-- Data to use --
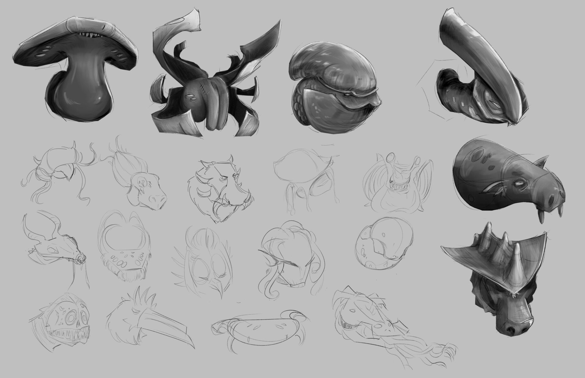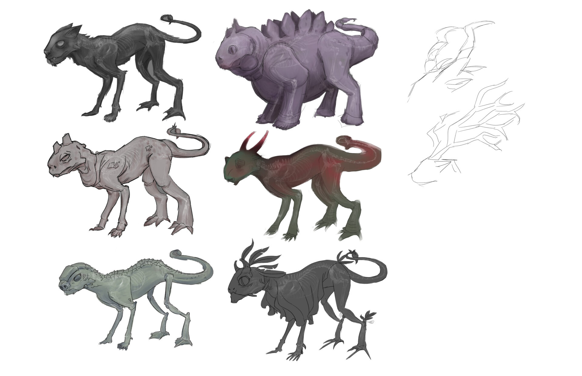 Exploring creature concept designs, starting from studying and putting together a skeleton base, then conceptualizing what kind of creature it could be. Clip Studio Paint – 2025.
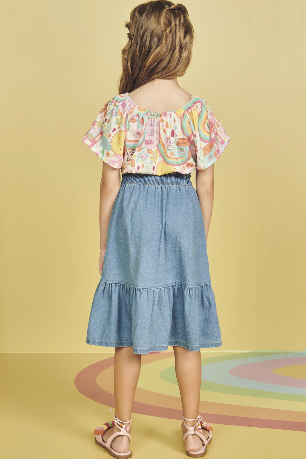 Conjunto composto por: blusa cropped em malha fresh com mangas soltinhas e elástico na cintura; saia midi em jeans e pompons aplicados.
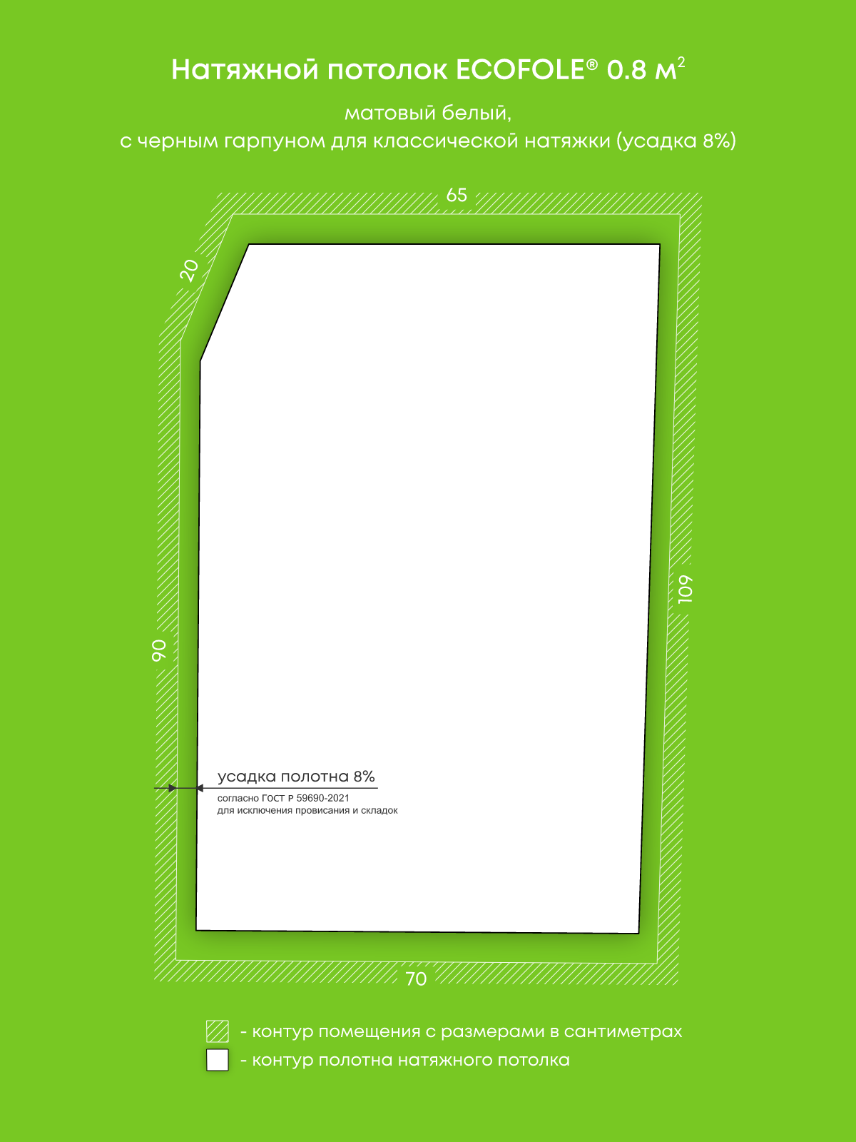 Натяжной потолок белый матовый, изготовленный по индивидуальным размерам покупателя, для помещения площадью 0.8 м2
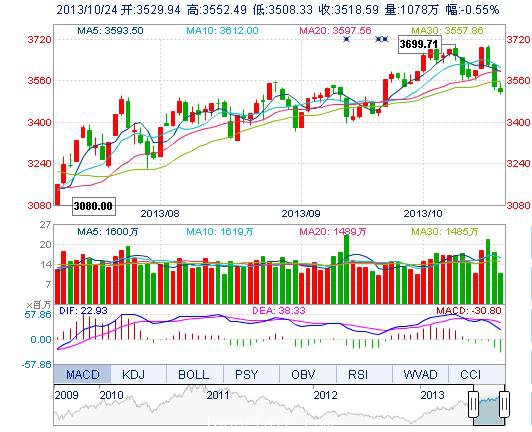 今開: 3529.94 最高: 3552.49 昨收: 3538.16 最低: 3508.33 成交量: 1078.08萬手 振幅: 1.25% 成交額: 129.36億元
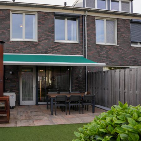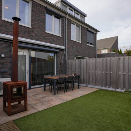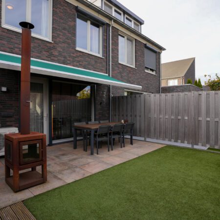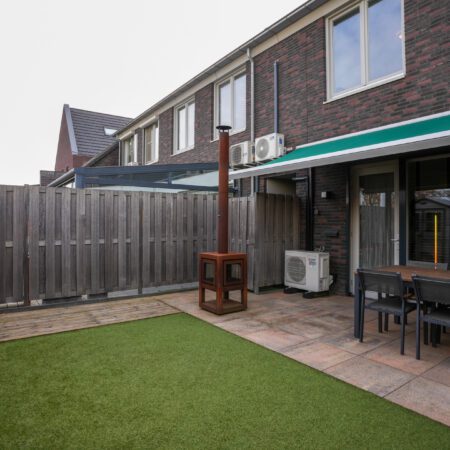 In de hal bevindt zich een moderne meterkast, een luxe gastentoilet (betegeld met groot formaat wandtegels en voorzien van een hangcloset en een fonteintje) en een gesloten trap naar de verdieping. Vanuit de hal loop je de living binnen. Deze is verdeeld in een woonkamer met een open keuken en beslaat in totaal ca. 35 m2. Een heerlijk comfortabele ruimte met veel lichtinval, vloerverwarming en airconditioning. We lopen eerst naar de open keuken. Deze is voorzien van een moderne inbouwkeuken in hoekopstelling, uitgerust met alle hedendaagse inbouwapparatuur (5-pits gaskookplaat, 90cm brede afzuigkap, oven-/magnetroncombinatie, koelkast en vaatwasser). We draaien ons om en lopen naar de woonkamer. Voorzien van een strakke, antraciet grindvloer die we verder in de woning ook tegenkomen. In de woonkamer bevindt zich een praktische bergkast onder de trap. Via een loopdeur in de achtergevel lopen we naar buiten en komen dan in een verzorgde, onderhoudsvrije achtertuin. Voorzien van een mooi aangelegd terras met grote plavuizen en een elektrisch bedienbare grote zonwering. Een hele fijne plek om na een drukke werkdag (en mooi weer) te ontspannen of in het weekend het gezellig te hebben met vrienden of familie. Aansluitend aan het terras is er kunstgras aangelegd en bevindt zich in de achtertuin nog een praktische tuinberging. En last but not least, je kunt hier dus via de achtertuin naar de voorzijde van de woning!
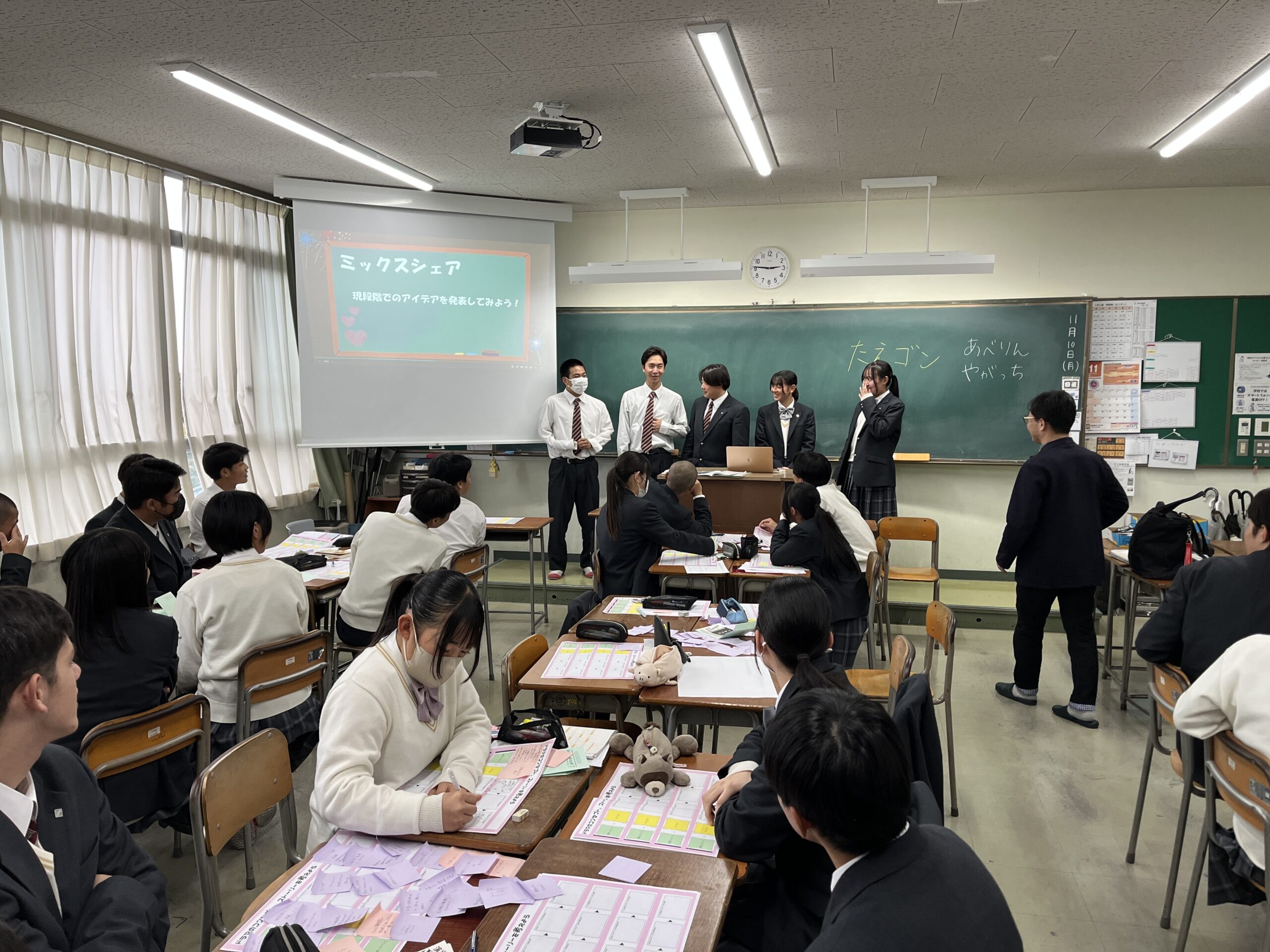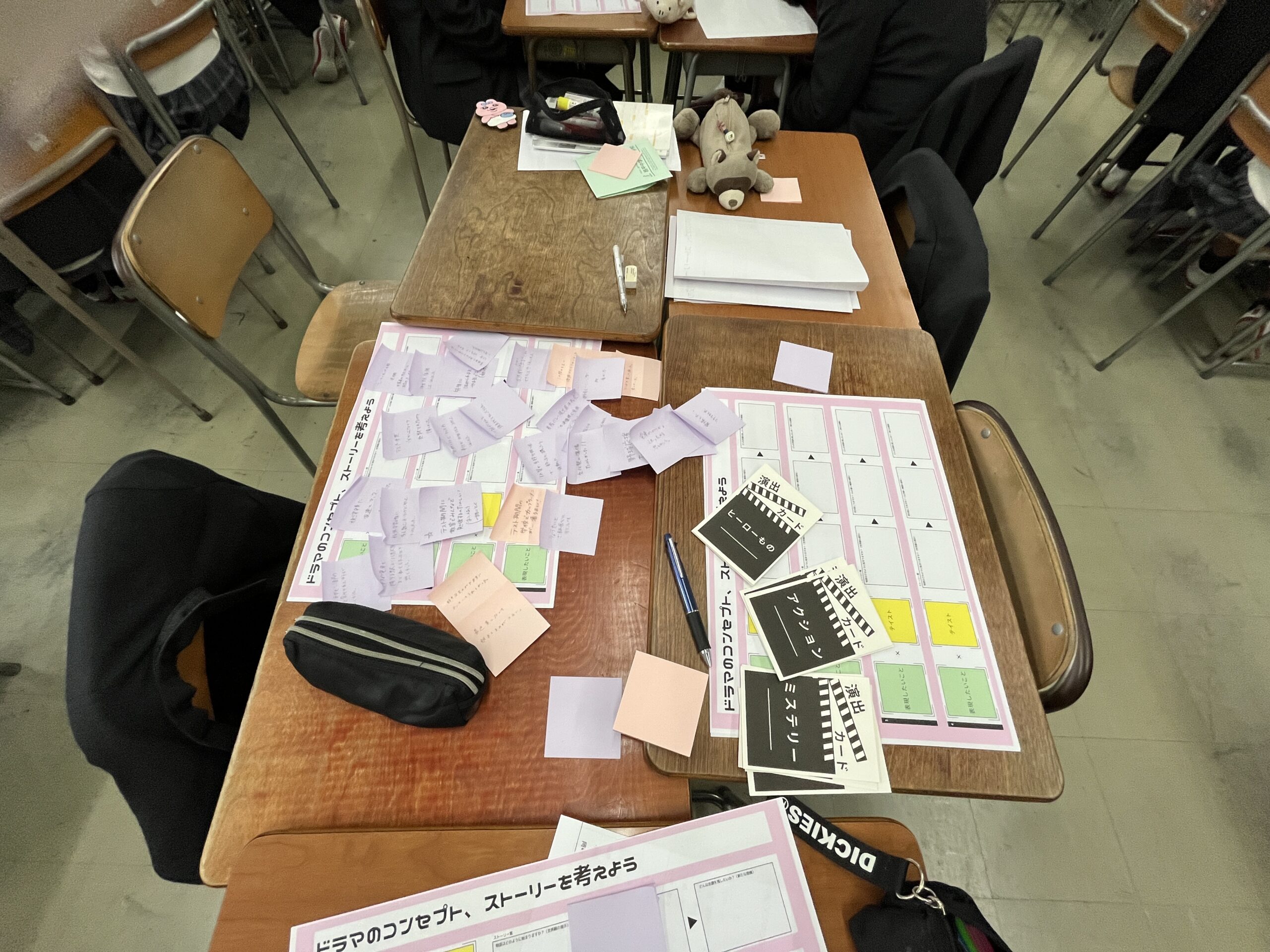 授業では、生徒たちが5人グループに分かれ、「学校生活で心が動いた瞬間」を付箋に書き出しながらエピソードを共有しました。その内容をもとに、各グループで一つのショートドラマのストーリーを構成しました。

-- Exercise details --
Set down each line of the material exactly and skip every image.

-- Reply to the exercise --
 Exploring creature concept designs, starting from studying and putting together a skeleton base, then conceptualizing what kind of creature it could be. Clip Studio Paint – 2025.
 Conjunto composto por: blusa cropped em malha fresh com mangas soltinhas e elástico na cintura; saia midi em jeans e pompons aplicados.
 Натяжной потолок белый матовый, изготовленный по индивидуальным размерам покупателя, для помещения площадью 0.8 м2
 今開: 3529.94 最高: 3552.49 昨收: 3538.16 最低: 3508.33 成交量: 1078.08萬手 振幅: 1.25% 成交額: 129.36億元
 In de hal bevindt zich een moderne meterkast, een luxe gastentoilet (betegeld met groot formaat wandtegels en voorzien van een hangcloset en een fonteintje) en een gesloten trap naar de verdieping. Vanuit de hal loop je de living binnen. Deze is verdeeld in een woonkamer met een open keuken en beslaat in totaal ca. 35 m2. Een heerlijk comfortabele ruimte met veel lichtinval, vloerverwarming en airconditioning. We lopen eerst naar de open keuken. Deze is voorzien van een moderne inbouwkeuken in hoekopstelling, uitgerust met alle hedendaagse inbouwapparatuur (5-pits gaskookplaat, 90cm brede afzuigkap, oven-/magnetroncombinatie, koelkast en vaatwasser). We draaien ons om en lopen naar de woonkamer. Voorzien van een strakke, antraciet grindvloer die we verder in de woning ook tegenkomen. In de woonkamer bevindt zich een praktische bergkast onder de trap. Via een loopdeur in de achtergevel lopen we naar buiten en komen dan in een verzorgde, onderhoudsvrije achtertuin. Voorzien van een mooi aangelegd terras met grote plavuizen en een elektrisch bedienbare grote zonwering. Een hele fijne plek om na een drukke werkdag (en mooi weer) te ontspannen of in het weekend het gezellig te hebben met vrienden of familie. Aansluitend aan het terras is er kunstgras aangelegd en bevindt zich in de achtertuin nog een praktische tuinberging. En last but not least, je kunt hier dus via de achtertuin naar de voorzijde van de woning!
 授業では、生徒たちが5人グループに分かれ、「学校生活で心が動いた瞬間」を付箋に書き出しながらエピソードを共有しました。その内容をもとに、各グループで一つのショートドラマのストーリーを構成しました。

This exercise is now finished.